“Of course we’re afraid of reality! Who isn’t?”

What a relief to have Paul back from sabbatical! It’s about time!

Paul, a scientist himself in his former life, weighs in on Stephen Hawking’s interview from last week, in which he said that the afterlife is a “fairy story for people who are afraid of the dark.” He discusses the temptation to psychoanalyze Hawking with the same broad strokes with which Hawking psychoanalyzes all religious believers. Here’s my favorite part:

Christians are often mocked for being afraid of reality. Of course we’re afraid of reality; who isn’t? All the reasonable people like Hawking? I can’t buy that. I think Jesus was pretty much unafraid, but he still sweat blood. And maybe Buddha was unafraid, but I don’t know enough about him to speculate.

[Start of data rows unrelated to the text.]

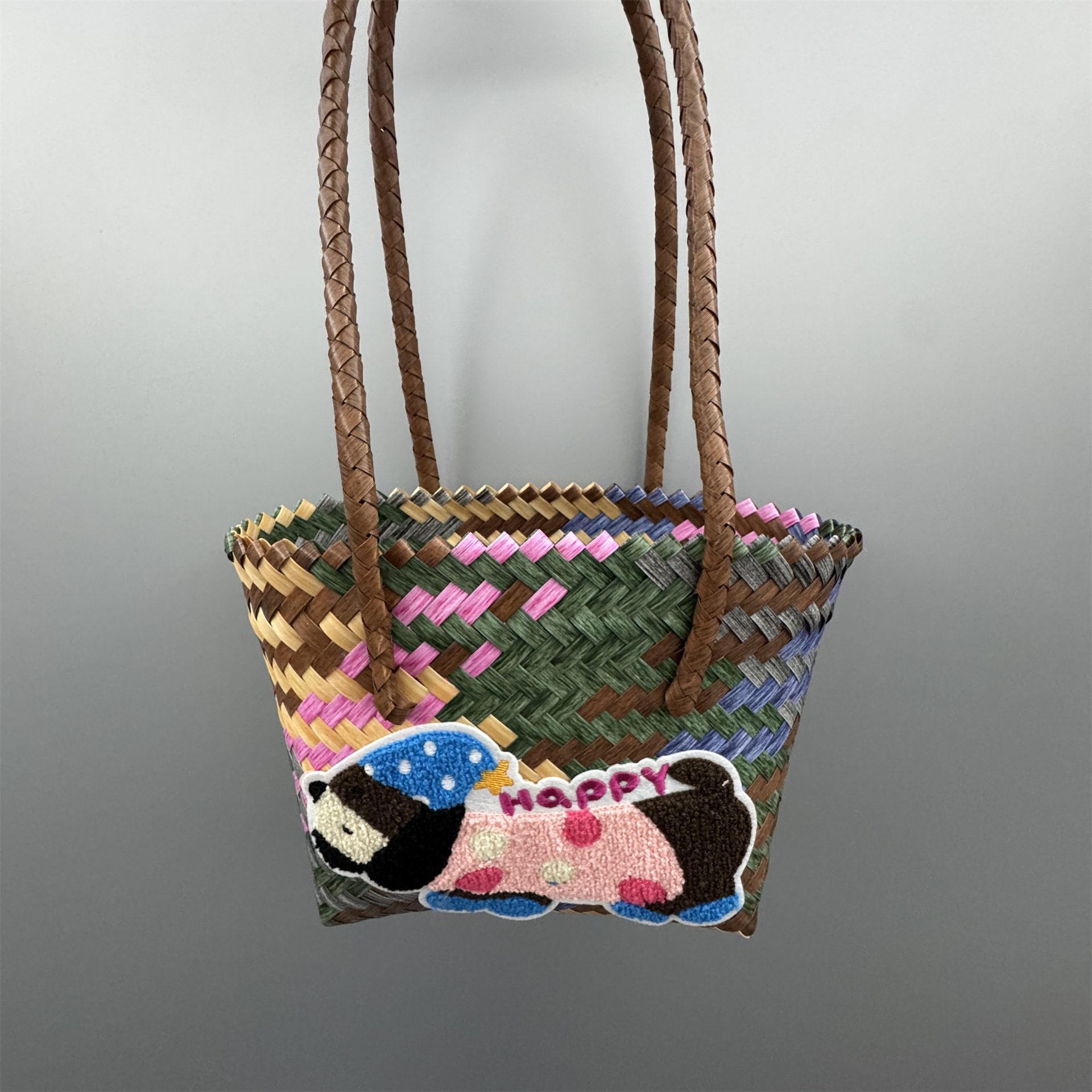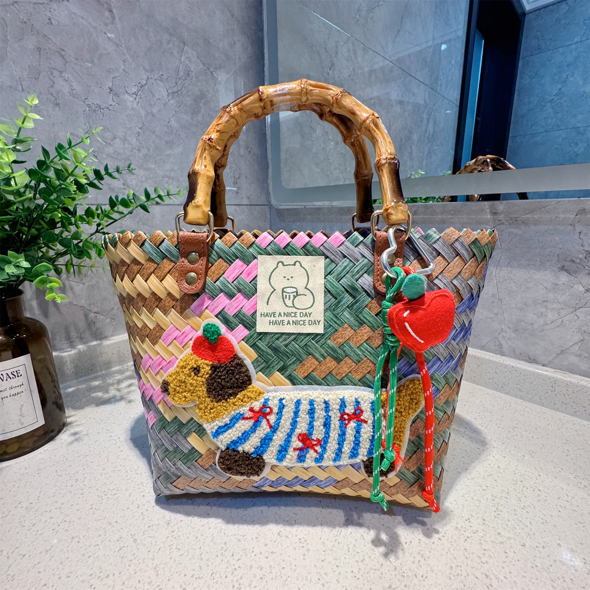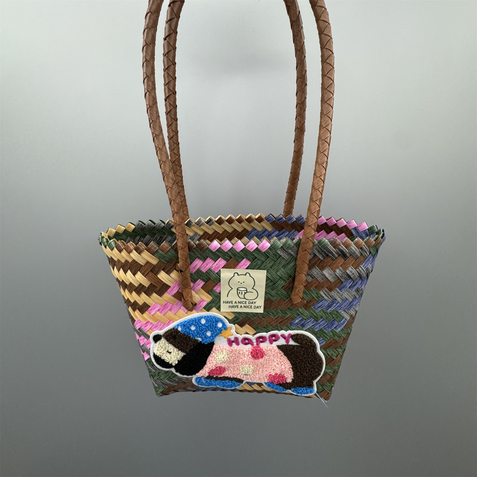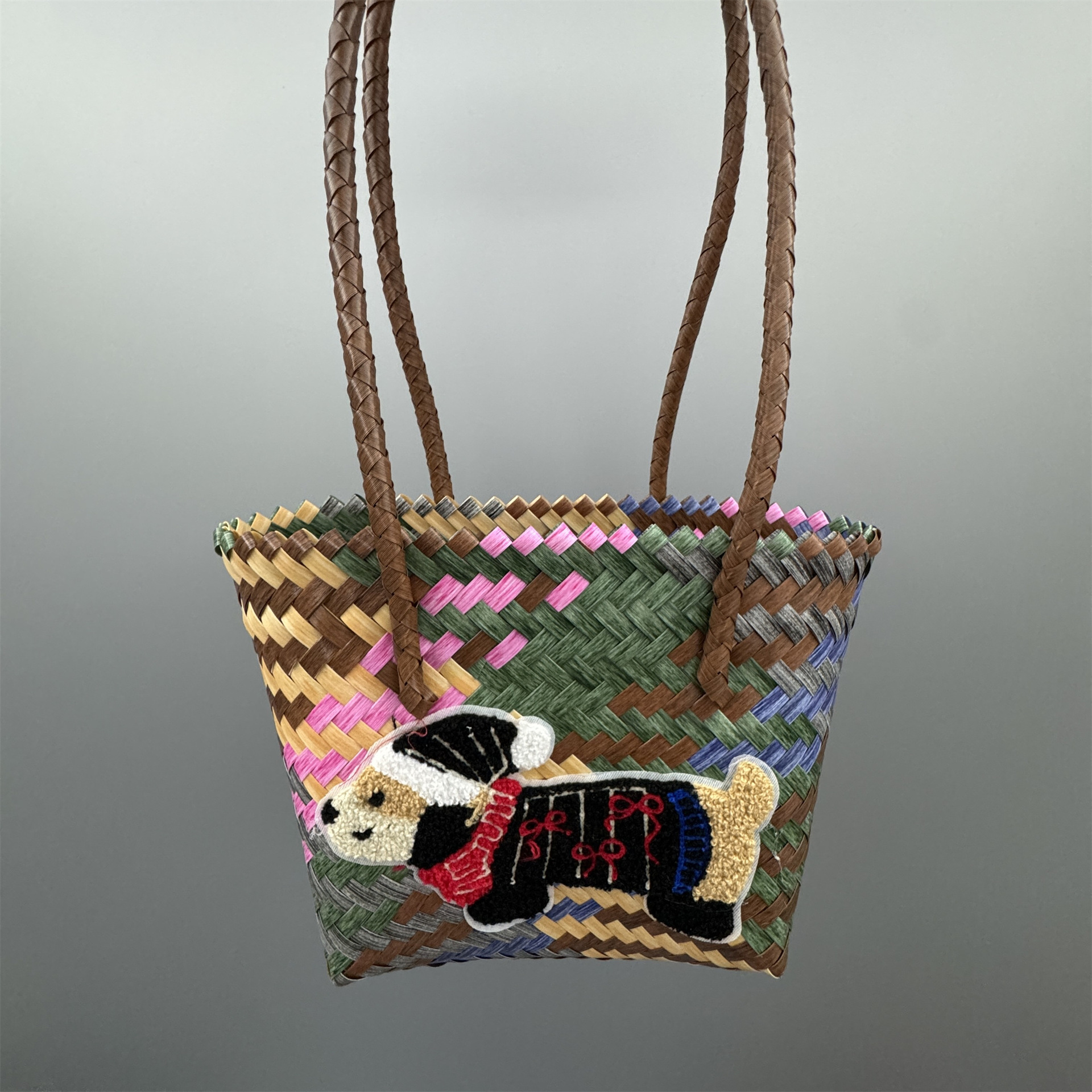작은 빨간 책 같은 스타일 빈티지 wachshund 개 짠 가방 여성 핸드백 토트 가방 손 선물 바구니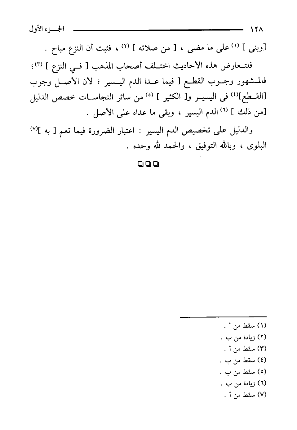 والدليل على تخصيص الدم اليسير: اعتبار الضرورة فيما تعم [به] (¬7) البلوى، وبالله التوفيق، والحمد لله وحده.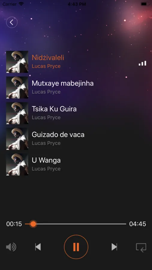 • Permite pesquisar qualquer faixa, artista ou álbum e reproduzir no modo aleatório sem cobrança de dados.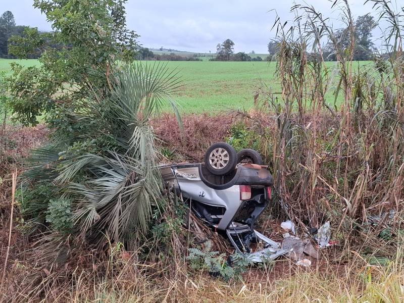 Motorista fica ferido em saída de pista na ERS-168, entre São Luiz Gonzaga e Bossoroca
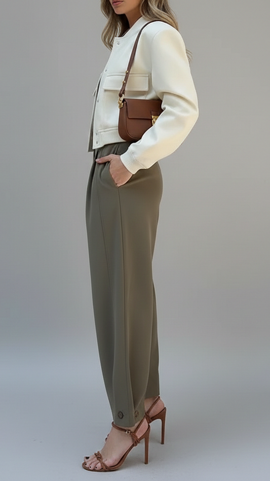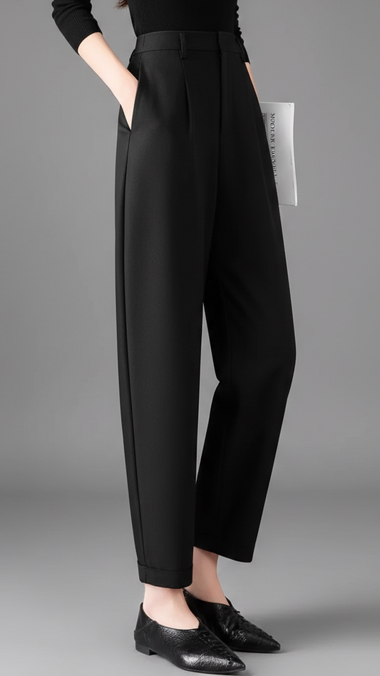 Elegant High-Waist Wide-Leg Pants with Elastic Waist and Front Pleats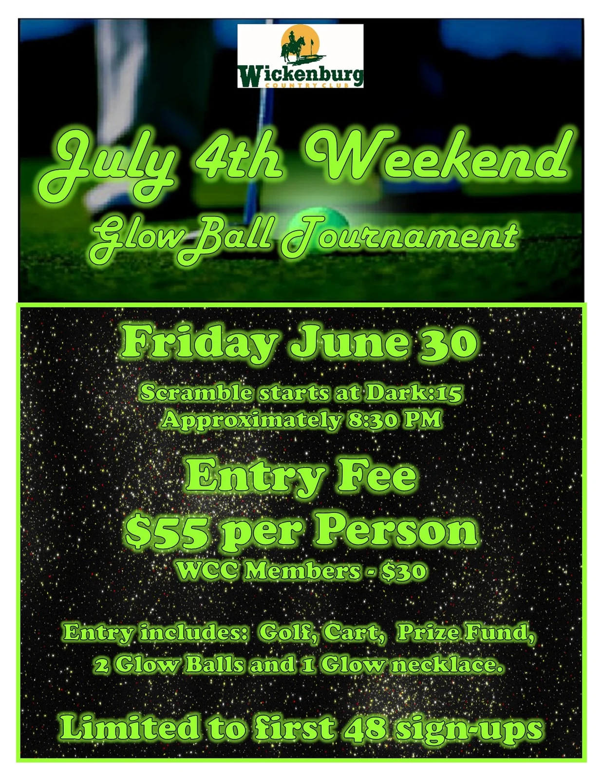 Glow Ball Tournament Call Golf Shop for details + Add to Google Calendar + iCal / Outlook export Date Jun 30 2023 Expired! Time 8:00 pm - 11:00 pm Category Tournaments Share this event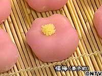 ![]() 二条若狭屋では、その梅をかたどった京菓子が作られます。 外郎(ういろう)で白あんを包み、おしべをあしらった匂いやかな「福梅」。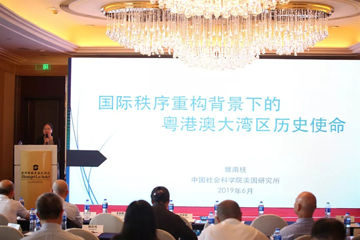 中国社会科学院美国研究所社会文化研究室副主任、副研究员魏南枝解说了国际大环境下的粤港澳大湾区使命,发表了《国际秩序重构背景下的粤港澳大湾区历史使命》,她比较纽约、旧金山、东京湾区,发出了“粤港澳大湾区是复制还是超越”之问,提出建立“中国特色的社会主义大湾区”,建立“独立自主、和平发展、坚持推动人类命运共同体的大湾区”的新理念。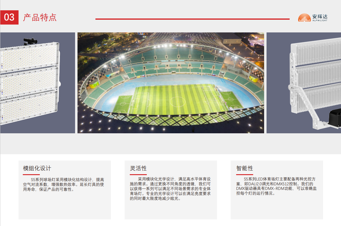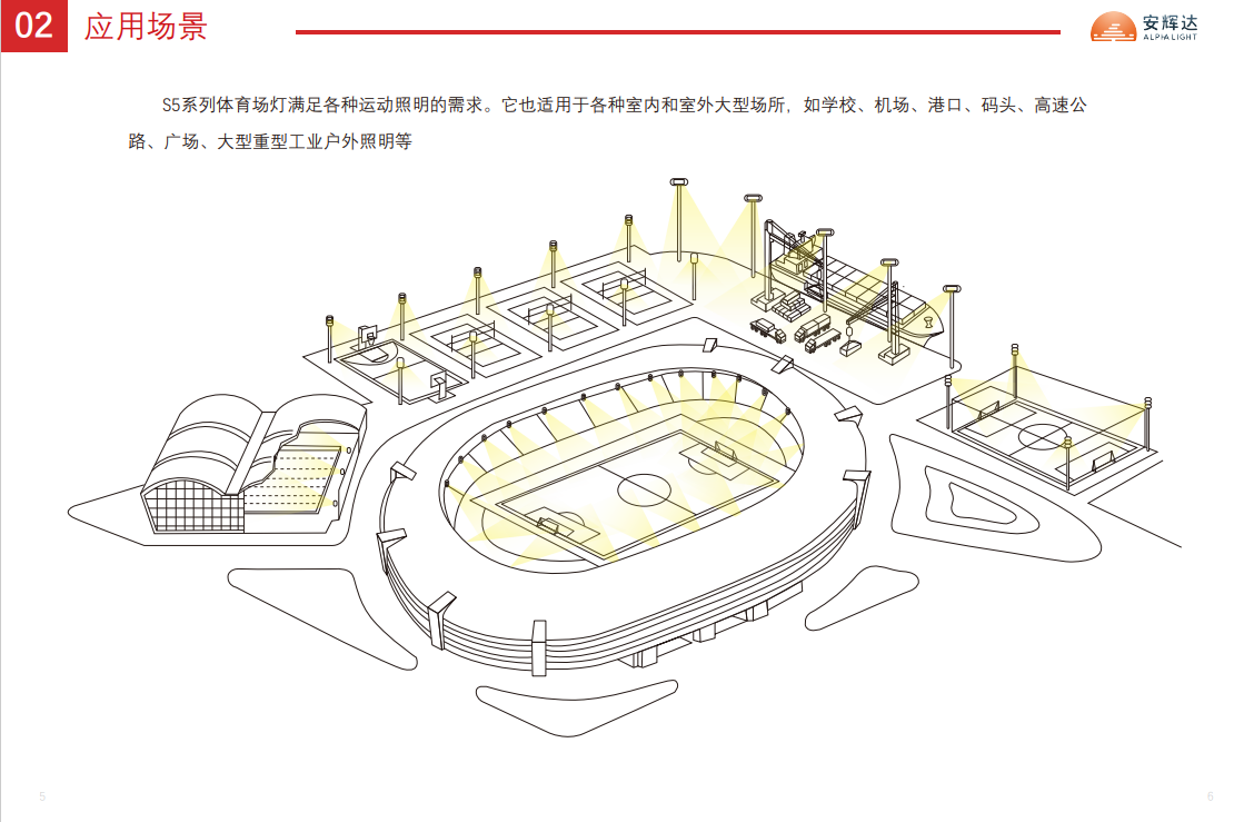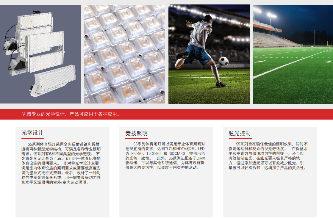 S5 LED 球场灯旨在满足专业比赛的最高照明性能标准。S5 系列 提供在水平和垂直方向上具有出色光分布的解决方案,确保裁判、球 员和摄像机的完美可视性,并满足观众的最大视觉舒适度。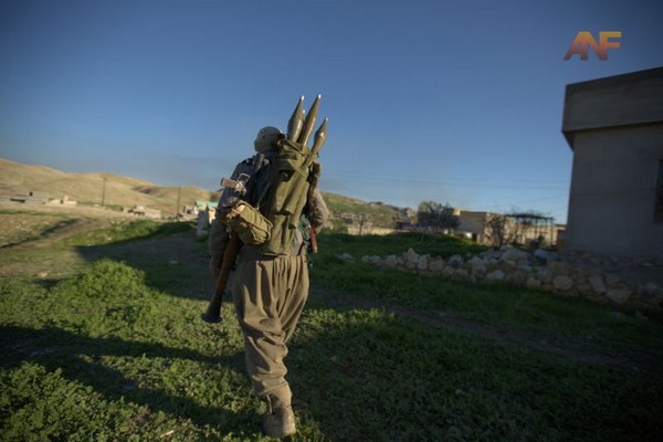 Şengal şehrinin üst tarafında yeni yapılmış beton evlerin içinden, çamurlu bir araba yolunu takip ederek, kadim kentin üst tarafında kalan tepedeki su depolarının altında bulunan evlere doğru yol alıyoruz. Yılmaz çamurlu araba yolunun sonunda bizi bir patikadan götürüyor. Yol boyu şehirden gelen yoğun silah seslerine kulak kabartıyoruz. Bir soluk daha harabeye dönmüş, kerpiç bir evin önünde bekliyoruz. Öncümüz Yılmaz; “Buradan koşarak tepeye çıkın, çünkü bu bölümde DAİŞ çeteleri suikast yapıyorlar” diyor ve Yılmaz sırtındaki B-7 silahı ve roketleri ile hızlı bir şekilde koşarak tepeye çıkıyor. Ardından bizler de koşarak kadim kent Şengal’in zirvesine ulaşıyoruz.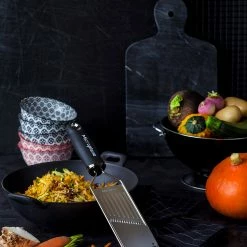 Diese Microplane Master Reibe mit Ihrer 2-Wege-Schneide und dem edlen Griff aus Walnussholz bringt schnell exzellente Ergebnisse. Wenn Sie etwas auf ihr reiben, entstehen sowohl bei der Hoch- als auch bei der Herunterbewegung dünne Streifen. Viel schneller als bei anderen Reiben! Das Ergebnis ist sehr dekorativ, also eignet sich dieses Werkzeug hervorragend dafür, Gemüse wie Gurken, Karotten oder Kohl für Salat zu zerkleinern. Aber für Käse oder Schokolade lässt sie sich ebenfalls gut verwenden.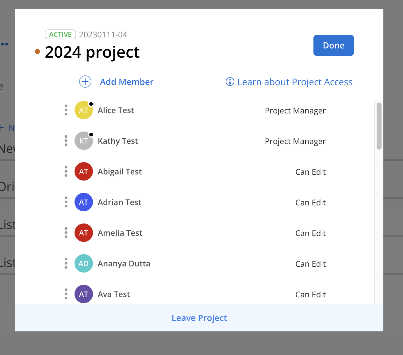 Member Management Modal displays all Project Members in a structured order to improve visibility and access: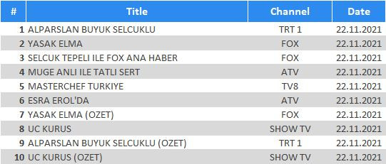 İşte 22 Kasım Pazartesi günü ekranlarda en çok izlenen 10 program;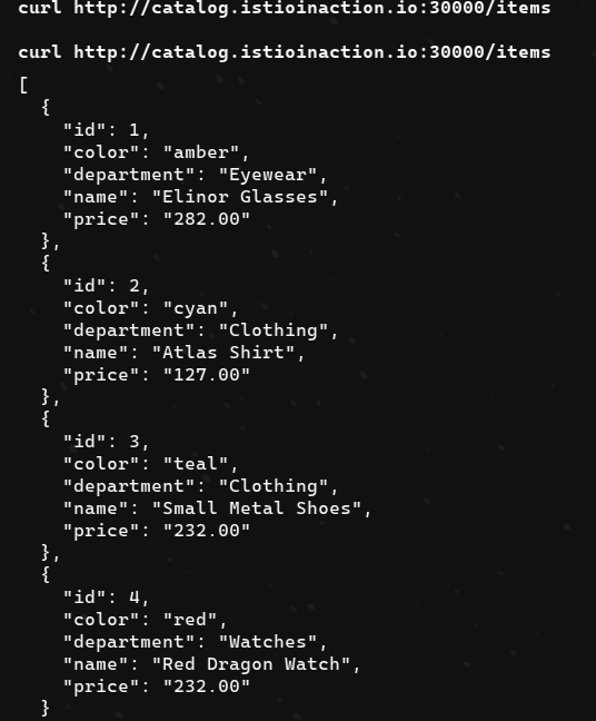 kubectl apply -f services/catalog/kubernetes/catalog.yaml -n istioinaction # catalog v1 배포

So yes, fear motivates people. But saying “that’s what religion is” is just silly. I might as well say, “science is merely a manifestation of humanity’s crazed desire to control everything.” There’s truth there, and it would serve some people (not me) nicely if it were so. But it just isn’t. It’s really easy to write people off, but it doesn’t help anyone.

Roger Olsen, a theology professor at Baylor, whose blog entry on the subject I reflected on last week, dipped his little toe in the deep end of psychoanalysis with this comment.

Projection theory works both ways (as Hans Kueng has so well demonstrated in Does God Exist?).  Atheists project the emptiness of their own lives into the sky, believing God does not exist because, if he did, they might be in real trouble.

I wouldn’t have put it quite so starkly, but heaven knows that popular atheists accuse believers of projecting all the time. If projection is a real thing—and I’m sure it is—why wouldn’t it work both ways?